Выпив чай, принесенный моей хозяйкой, тетей Настей, я лег спать.

Приснился отец, первый раз он приснился после его смерти в ноябре. Приснился как-то неясно, расплывчато. Стоял тут рядом и что-то силился сказать, как тогда, когда умирал. Только одно слово было понятно: «сынок... сынок...» Я на минуту проснулся, довольно низко над домом пролетел самолет, на часах было несколько минут третьего.

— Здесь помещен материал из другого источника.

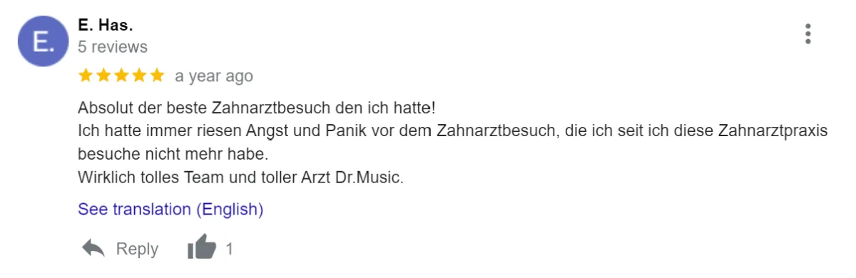 Absolut der beste Zahnarztbesuch den ich hatte! Ich hatte immer riesen Angst und Panik vor dem Zahnarztbesuch, die ich seit ich diese Zahnarztpraxis besuche nicht mehr habe. Wirklich tolles Team und toller Arzt Dr.Music.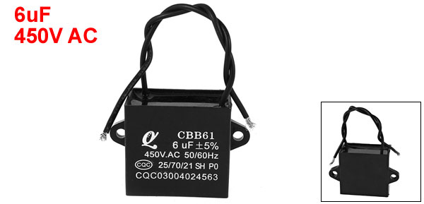 Product Name Motor Run Capacitor Model CBB61 Material Polypropylene Film Rated Capacitance 6uF Tolerance 5% Rated Frequency 50/60 Hz Rated Voltage 450V AC Overall Size 47 x 43 x 28mm/ 1.85" x 1.7" x 1"(L*W*T) Mount Hole Dia 5.4mm/ 0.21" Wire Length 11mm/ 4.3" Main Color Black Net Weight 69g Package Content 1 x Motor Run Capacitor - Reviews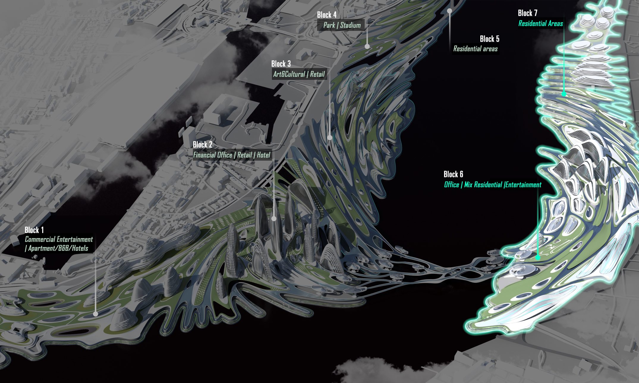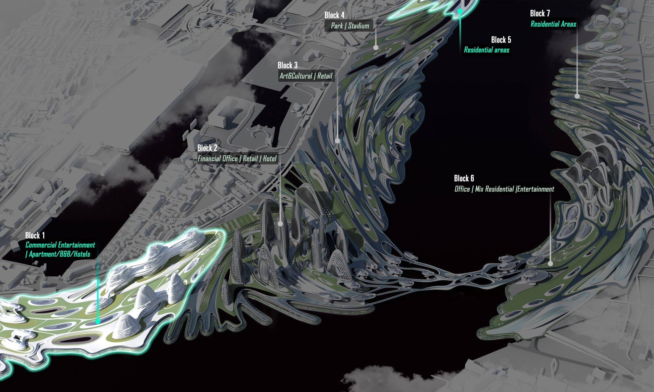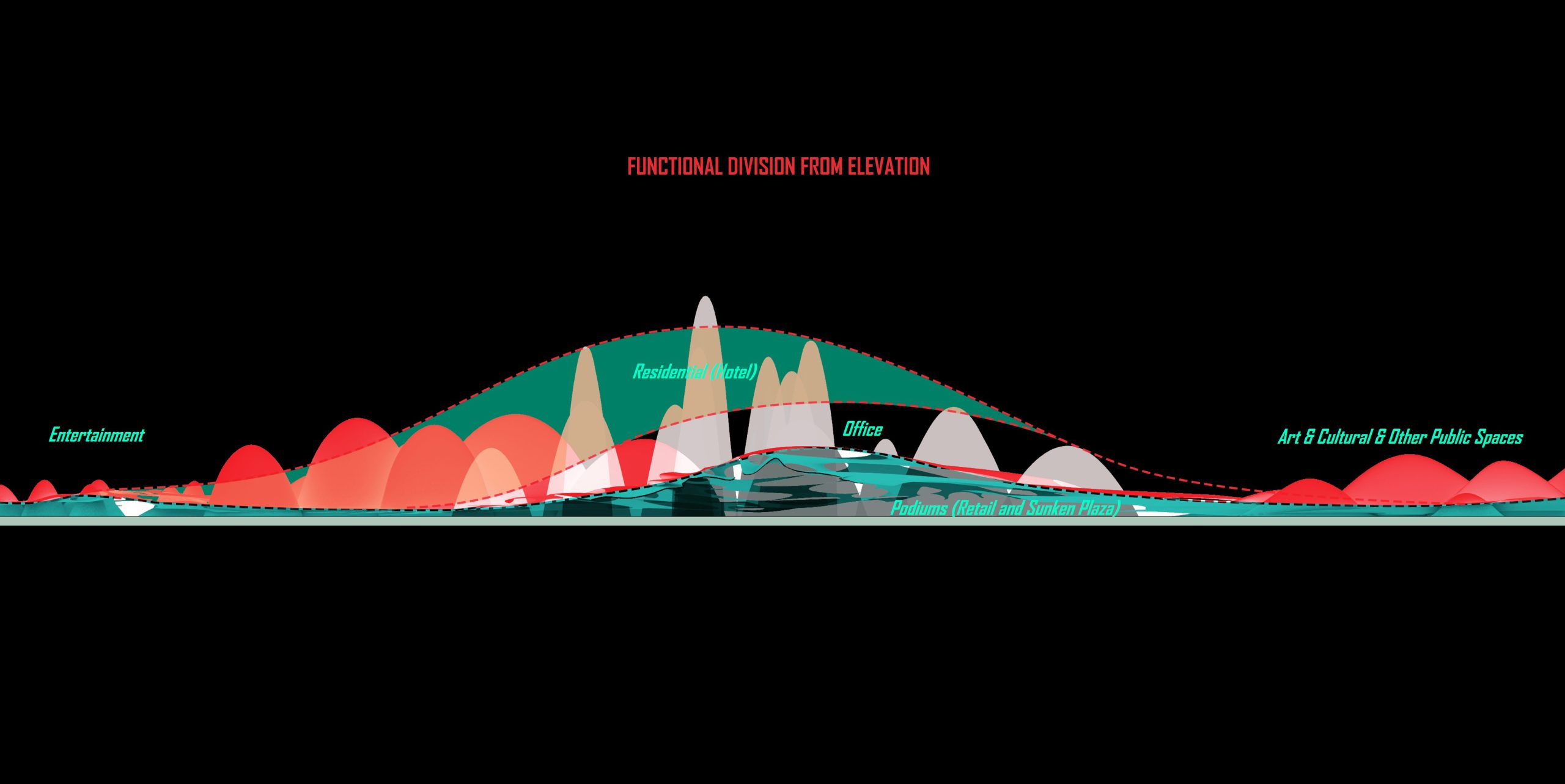 Firstly, We split the master plan based on its morphological feature and assigned them different mix functions with a dominating usage. We will introduce them in three chuncks based on the hierachy to the central junctional area.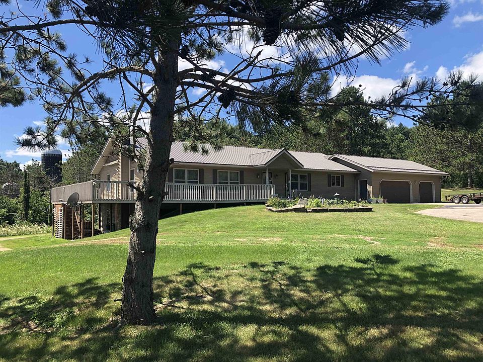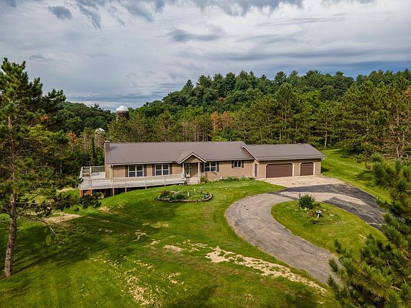Spacious ranch home situated on 8.7 private, partially wooded acres boasts panoramic views from every window. Open floor plan W/wood floors on most of main level & cathedral ceilings. Large eat in kitchen open to family room W/gas F.P. 3 generous bedrooms, 2 full baths & laundry on main level. Mother In Law suite in L.L W/walkout. Back up wood burner in unfinished L.L. Wrap around deck. Joint driveway maintenance agreement. Back patio W/Doll house/garden shed.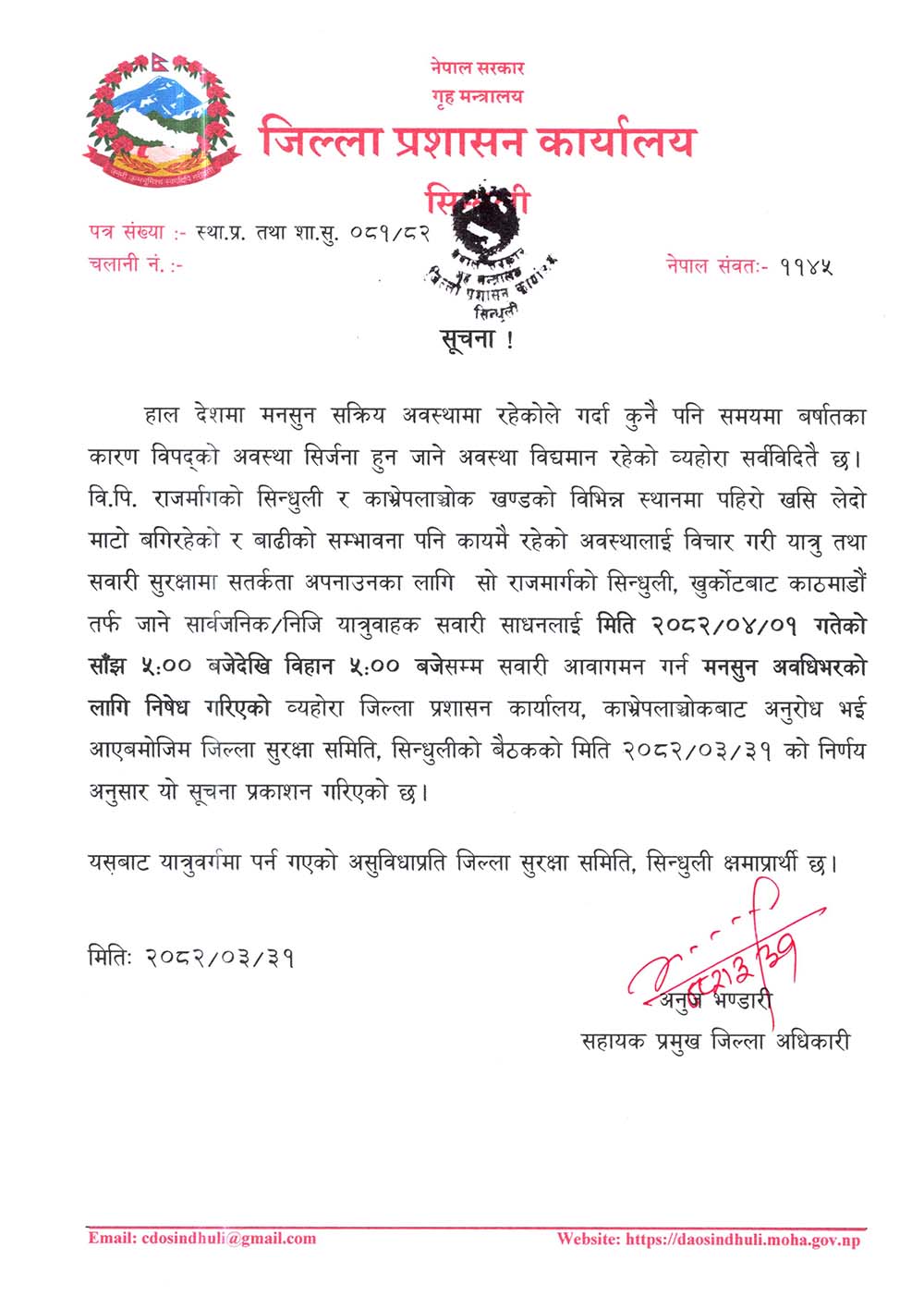 हाल मनसुन सक्रिय रहेकाले सम्भावित विपद्जन्य घटना हुन सक्ने भन्दै जोखिम न्यूनीकरणका लागि उल्लेखित क्षेत्रमा एक महिनाका लागि यातायात सञ्चालनमा रोक लगाइएको जनाइएको छ ।
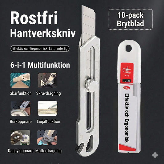 Premium Rostfri Brytkniv – Japanskt Stål & 6 Smarta Verktyg i ett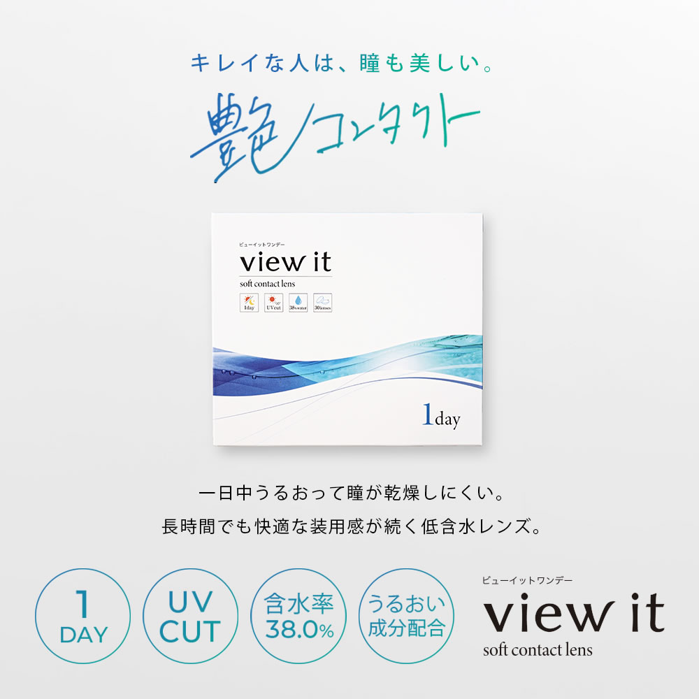 コンタクトレンズ 1day ビューイット ワンデー(30枚) 【2箱】両眼1ヵ月分 BC8.7 DIA14.0 ポスト投函メール便 潤い成分配合 UVカット クリアな視界
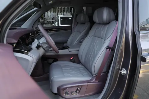 首先从外观说起,极氪009七座四驱版展现出一种大气而稳重的设计语言。车身尺寸为5217mm×2024mm×1812mm,轴距达到3205mm,整体比例协调,线条流畅。前脸采用极氪家族化设计语言,辨识度颇高,侧面配备双侧电动侧滑门,隐藏式滑轨设计不仅美观,还提升了实用性。车身风阻系数仅为0.27,展现出不错的设计功底。车顶配备分段式不可开启全景天窗,搭配遮阳帘,既保证了采光,又能有效隔热。铝合金轮毂搭配255/50 R19轮胎,整体视觉效果沉稳而不失动感,适合家庭用户对于高端感的需求,也契合商务场景的低调气质。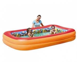 Прямоугольный надувной бассейн Bestway с 3D рисунком "Поиски сокровищ" для детей от 6 лет. Изготовлен из высококачественного винила, устойчивый, надежный и безопасный. Имеет мягкие стенки с широкими бортиками и жесткое дно из ПВХ-пленки. На внутренней поверхности бассейна нанесены увлекательные 3D рисунки. В комплекте с бассейном поставляются 2 пары стереоочков, а также пластмассовая имитация драгоценных камней.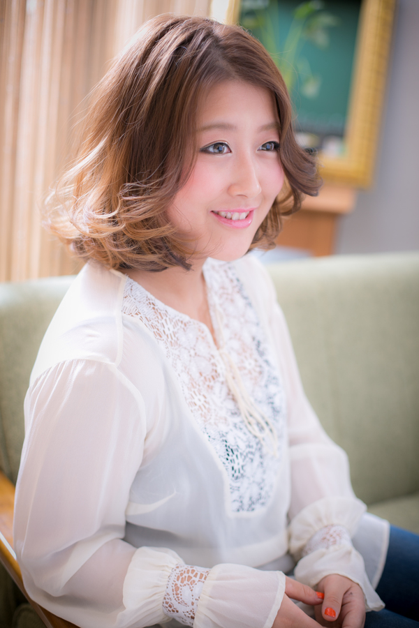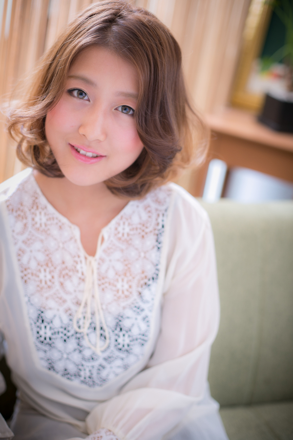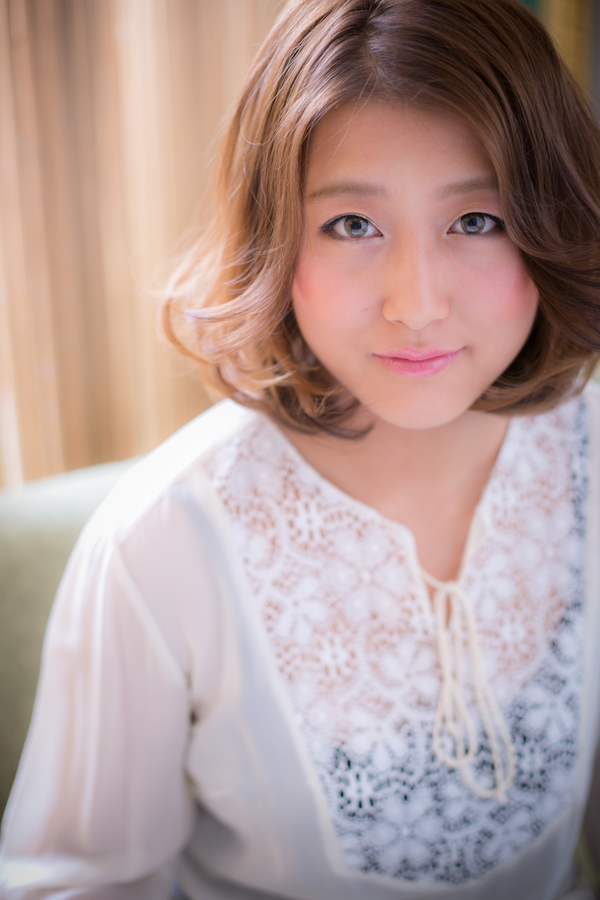 赤みのない外国人風のカラーに毛先に少し強めのカールでアクセント!ストレート感に飽きた方にオススメの華やかさあるミディアムスタイルです。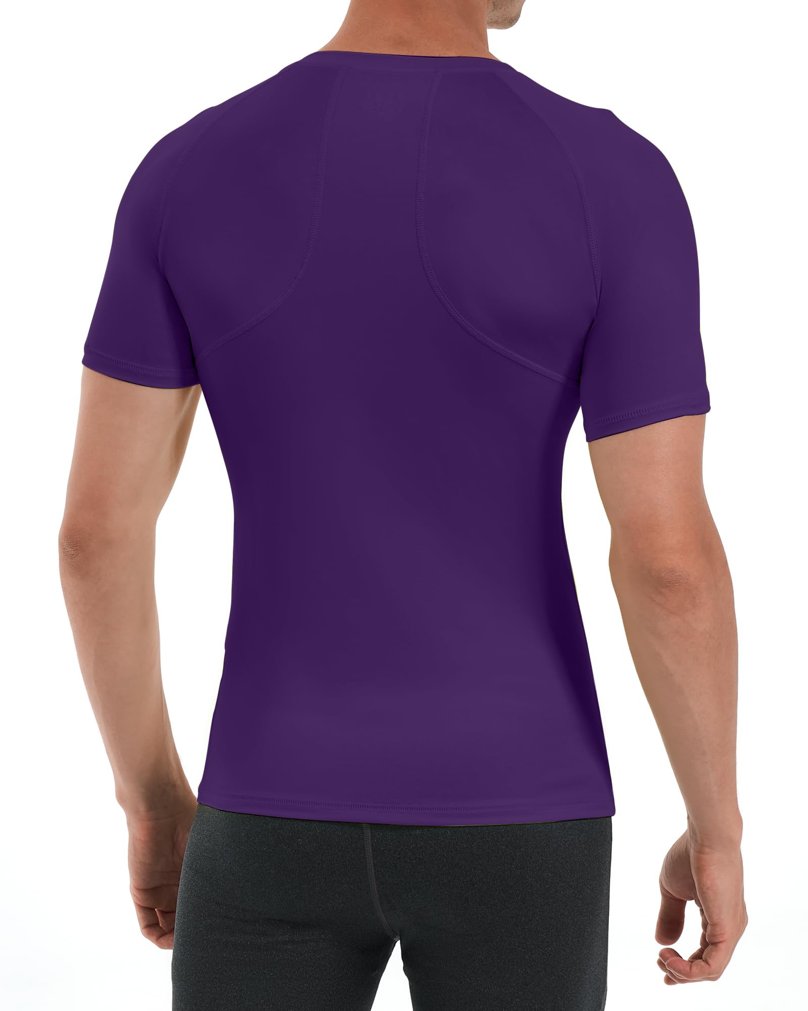 [Four-Way Stretch]: This men short sleeve compression shirt snugly conforms to your skin, providing stable support and helping to reduce muscle fatigue. Smooth flatlock seams and tagless design help minimize friction, ensuring a pleasant and comfortable experience during physical activities.

И снова отец... он идет по росной траве, оставляя темные следы. Луг такой зеленый, зеленый, и огромные белые ромашки на опушке леса. Отец босой, в серой старенькой рубашке без пояса, брюки подкатаны под колени, а в руке у него удочка. Он идет, хитровато улыбается, почесывая свободной рукой свою рыжую бородку. Его улыбка и выражение зеленоватых глаз — непривычно мягкое и ласковое, он подходит к ручью и ступает на дощатые кладни, и вдруг доски у него под ногами ломаются с оглушительным треском и грохотом...

 

2. Бегство-отступление

От этого треска и грохота я мгновенно проснулся. С потолка падала штукатурка, звенели осколки вдребезги разбитого окна, что-то истерически кричала тетя Настя, за окном багровело уже чуть светлевшее предутреннее небо. Раз за разом были слышны близкие, сильные взрывы, и при каждом новом взрыве, яркими вспышками, небо все светлело и светлело. Взрыв!., пожар!.. На базе или на станции... Это немцы... удар!.. Я лихорадочно одевался, натянул сапоги, схватил в руки портупею и пояс с пистолетом и через окно выпрыгнул в сад. «Германы идут, ейные летаки, глянь-ка, начальник», — хозяин стоял в саду и руками показывал на скользящие тени самолетов на фоне оранжево-красных облаков, поднимающихся над станцией.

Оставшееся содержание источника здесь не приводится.